> _Material for this exercise_:
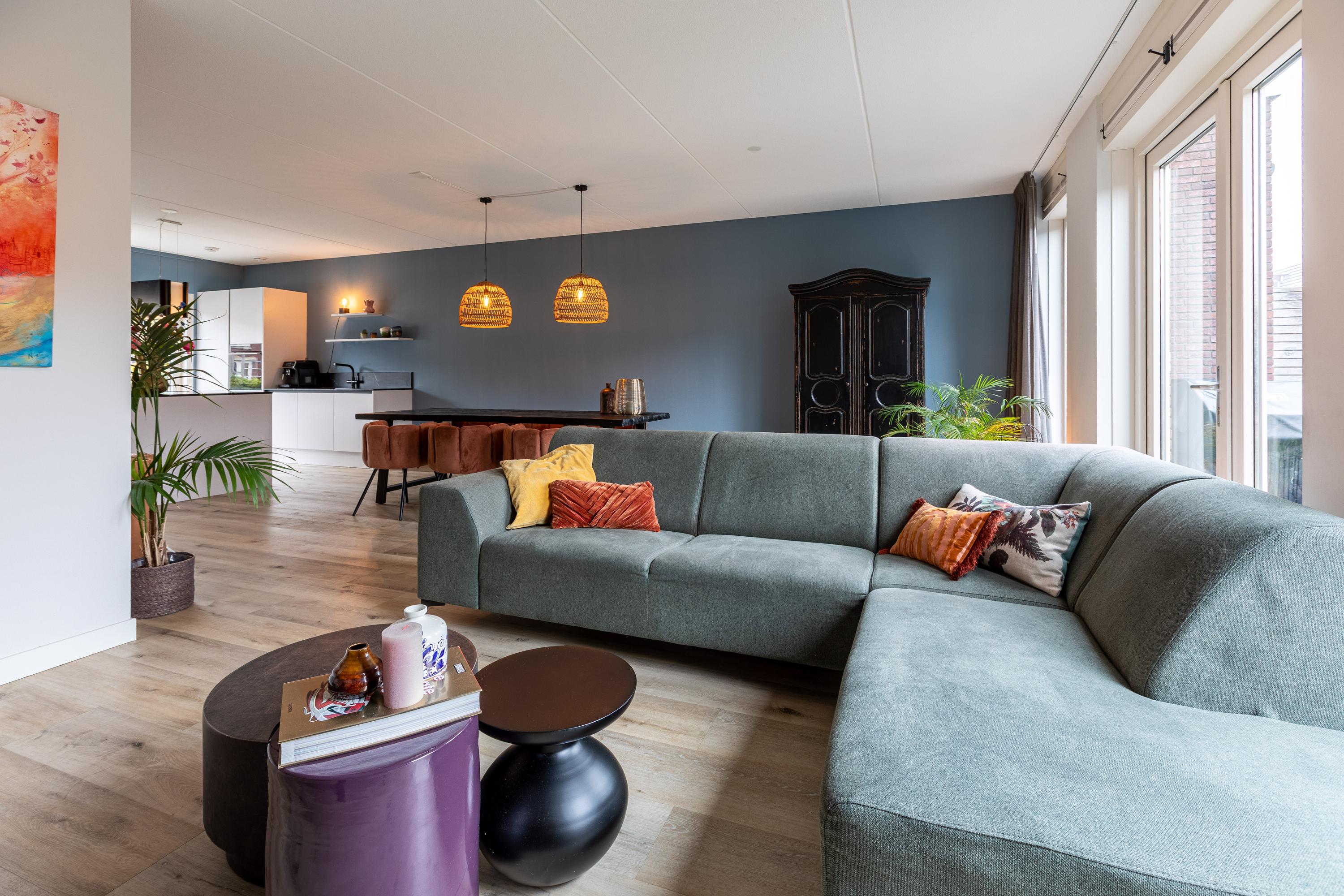 Via een stijlvolle glazen industriële deur kom je in de lichte woonkamer. Aan de voorzijde bevindt zich de ruime open keuken met een kookeiland en diverse inbouwapparatuur. Door de schuifpui heb je direct toegang tot het terras in de voortuin – een heerlijke plek voor een kop koffie of drankje in de zon.
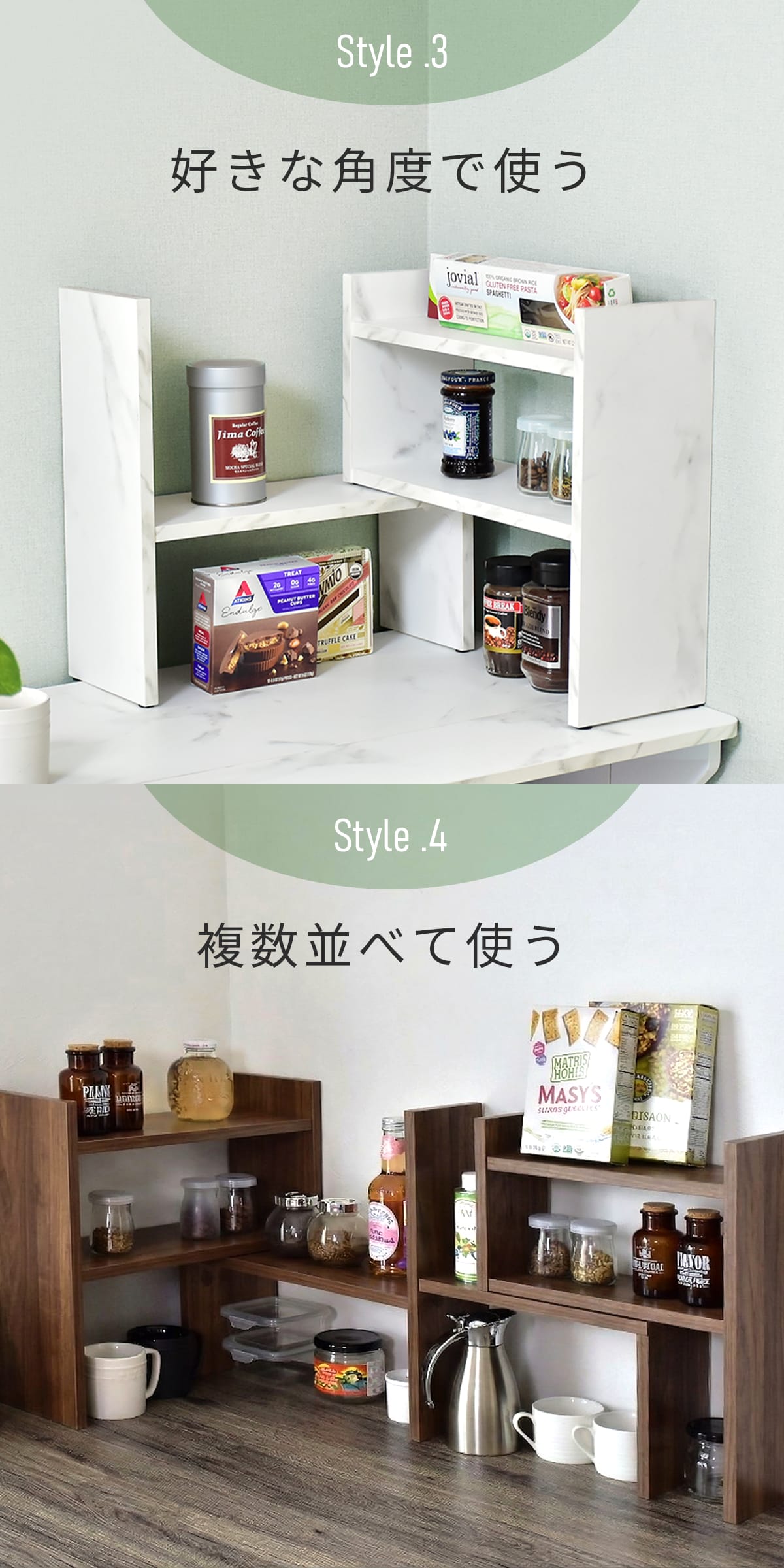 棚をスライド・回転させることで角度をつけたコーナー設置が可能。これまでデッドスペースになりがちだった隅も有効活用できます。空間にフィットするレイアウトができ、複数並べればさらに収納力アップ。限られたスペースを無駄なく使える設計です。
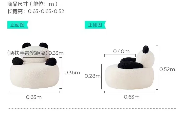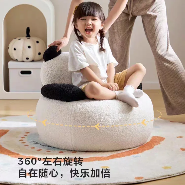 Children’s Cartoon Animal Sofa Chair Household Panda Shaped Sofa Rotatable Princess Sofa for Kids Toddler Room Furniture
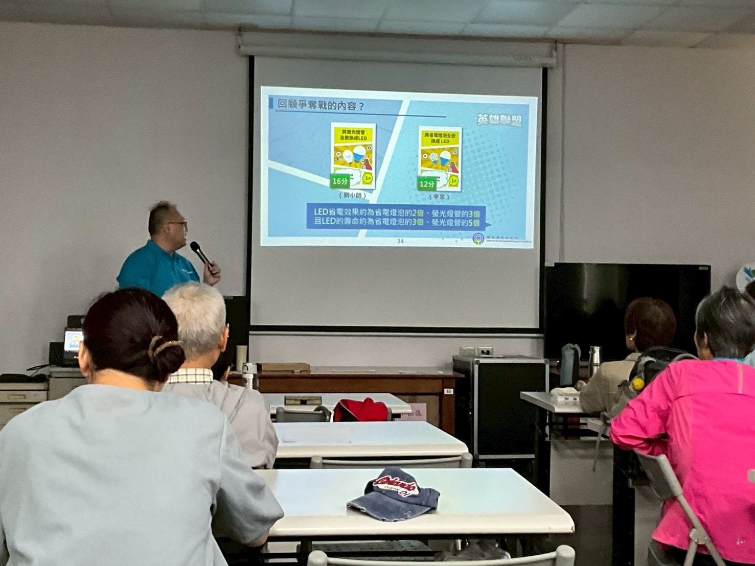 在課程中,志工將扮演綠生活規劃師為課程中虛擬的委託人(劉小帥和李阿嬤)規劃減碳生活計畫,並透過卡牌遊戲計算總分,這些分數代表了其所能達到的二氧化碳當量和省電量。分析結果顯示,在多項行動中,更換LED燈泡被認為是最划算的選項。其他有效的減碳策略包括汰換老舊電器(如老舊冰箱),因其耗電量較高,以及調整冷氣使用習慣(如設定定時)都能獲得遊戲中的有效分數。
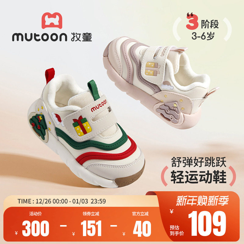 牧童学步鞋2025冬季新款圣诞风男童运动鞋毛毛虫鞋女轻便加绒棉鞋
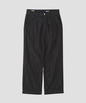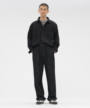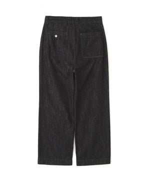 CANTON OVERALLS FOR MHL. のデニムトラウザーズ。旧式の紡績機による不均一なネップ感を再現した、CANTONオリジナルのライトオンスデニム素材(9oz)。履き込むほどに現れるタテ落ちと、さりげないネップが重なり、ワークウエアらしい粗野さとヴィンテージ感をあわせ持つ表情。薄手ながら膨らみとコシを備え、扱いやすく耐久性のある仕上がり。
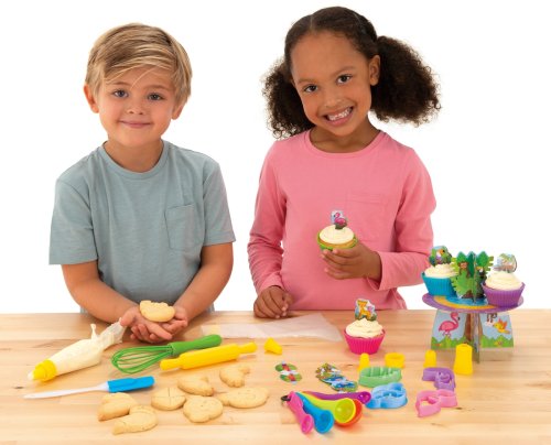 Zábavná sada pro opravdové pečení obsahující náčiní v zářivých barvách. Můžeš péct dortíky a sušenky, zdobit je pomocí zdobicí sady na polevu a vystavit je na podnosu. Sada obsahuje čtyři karty s jednoduchými recepty na vanilkové a čokoládové dortíky, sušenky a vanilkovou polevu. Obsah: váleček, špachtle, metla, 5 odměrek, 4 vykrajovátka na sušenky, 4 opakovaně použitelné silikonové košíčky na dortíky, 2 opakovaně použitelné sáčky na polevu a 5 zdobicích trysek, podnos, 8 dortových ozdob, 4 karty s recepty a návod
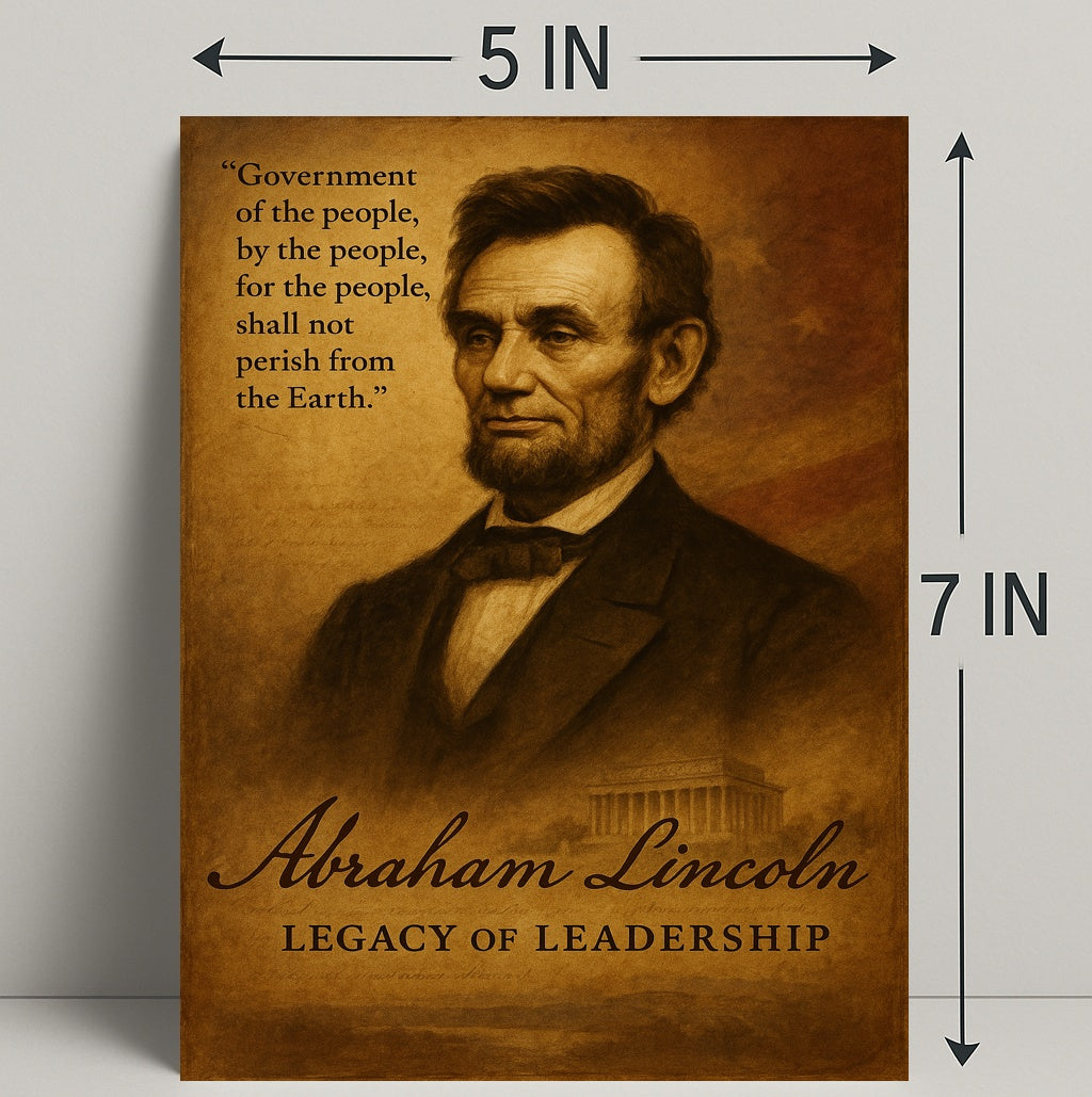Bring a timeless symbol of leadership into your home with the Abraham Lincoln Legacy of Leadership Poster from PosterGoat. This sepia-toned art print captures a dignified portrait of Abraham Lincoln, overlaid with his enduring Gettysburg Address line, “Government of the people, by the people, for the people, shall not perish from the Earth.” The classical composition and warm, antique finish make it an ideal piece of historical decor and inspirational artwork for living rooms, offices, classrooms, or study spaces.

> _What this task involves_: Would you set down only the lines above from the line with "牧童学步鞋2025冬季新款圣诞风男童运动鞋毛毛虫鞋女轻便加绒棉鞋" to the line with "Zábavná sada pro", both included, exactly as they stand and without the pictures?

> _Response to this exercise_:
 牧童学步鞋2025冬季新款圣诞风男童运动鞋毛毛虫鞋女轻便加绒棉鞋
 CANTON OVERALLS FOR MHL. のデニムトラウザーズ。旧式の紡績機による不均一なネップ感を再現した、CANTONオリジナルのライトオンスデニム素材(9oz)。履き込むほどに現れるタテ落ちと、さりげないネップが重なり、ワークウエアらしい粗野さとヴィンテージ感をあわせ持つ表情。薄手ながら膨らみとコシを備え、扱いやすく耐久性のある仕上がり。
 Zábavná sada pro opravdové pečení obsahující náčiní v zářivých barvách. Můžeš péct dortíky a sušenky, zdobit je pomocí zdobicí sady na polevu a vystavit je na podnosu. Sada obsahuje čtyři karty s jednoduchými recepty na vanilkové a čokoládové dortíky, sušenky a vanilkovou polevu. Obsah: váleček, špachtle, metla, 5 odměrek, 4 vykrajovátka na sušenky, 4 opakovaně použitelné silikonové košíčky na dortíky, 2 opakovaně použitelné sáčky na polevu a 5 zdobicích trysek, podnos, 8 dortových ozdob, 4 karty s recepty a návod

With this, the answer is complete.